The NOEC of the test item Glyceryl Stearate Citrate (Glycerides, C16-18 mono-, di-, and tri-, hydrogenated, citrates, potassium salts) is 1000 mg/L. The test item is not toxic at the limit concentration of 1000 mg/L to activated sludge of a municipal sewage treatment plant.

Description of key information

NOEC (3 h): 1000 mg/L (OECD 209); read-across

Key value for chemical safety assessment

Additional information

Since no studies investigating the toxicity of Glycerides, C16-18 and C18-unsatd. mono- and di-, citrates (CAS 91052-16-3) to activated sludge microorganisms are available for this endpoint, in accordance to Regulation (EC) No. 1907/2006 Annex XI, 1.5 a read across to the structurally related source substance Glycerides, C16-18 mono-, di- and tri-, hydrogenated, citrates, potassium salts (CAS 91744-38-6) was conducted. The target substance Glycerides, C16-18 and C18-unsatd. mono- and di-, citrates (CAS 91052-16-3) and the source substance Glycerides, C16-18 mono-, di- and tri-, hydrogenated, citrates, potassium salts (CAS 91744-38-6) are considered to be structurally very similar. The difference between both substances is that the source substance is the potassium salt of the target substance.

 Since both substances share common similar functional groups and neither the target nor the source substance consist of any structural alerts leading to a different toxicity profile this read-across is suitable. This read-across is further justified within the analogue justification in IUCLID Section 13. In this case of read-across, the best suited (highest degree of structural similarity, nearest physico-chemical properties) source substance was used for the assessment.
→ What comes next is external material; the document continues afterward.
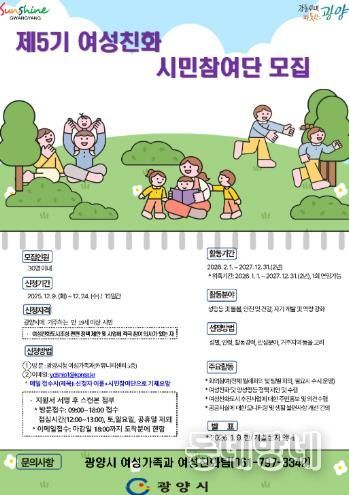 시 관계자는 “여성친화 시민참여단은 시민의 경험과 시각이 정책으로 이어지는 중요한 통로”라며 “광양시는 그동안 시민참여단 운영을 통해 생활밀착형 정책 제안과 현장 중심 모니터링을 지속해 왔다. 일상에서 느낀 불편과 아이디어를 정책에 반영하고자 하는 시민들의 적극적인 참여를 기대한다”고 말했다.

The study available for the read-across substance Glycerides, C16-18 mono-, di- and tri-, hydrogenated, citrates, potassium salts (CAS 91744-38-6) was performed according to OECD 209 (Fiebig, 2012). Activated sludge from a domestic sewage treatment plant was used for testing and incubated for 3 h. The respiration rate was recorded after incubation and no inhibition of respiration was recorded. Instead a stimulation of respiration was measured. Thus, a NOEC (3 h) of 1000 mg/L was derived.

Based on the available result from one structurally related source substance (in accordance to Regulation (EC) No 1907/2006 Annex XI, 1.5) which is characterized by a comparable structure, it can be concluded that Glycerides, C16-18 and C18-unsatd. mono- and di-, citrates will not exhibit inhibit the degradation process in commercial sewage treatment plants.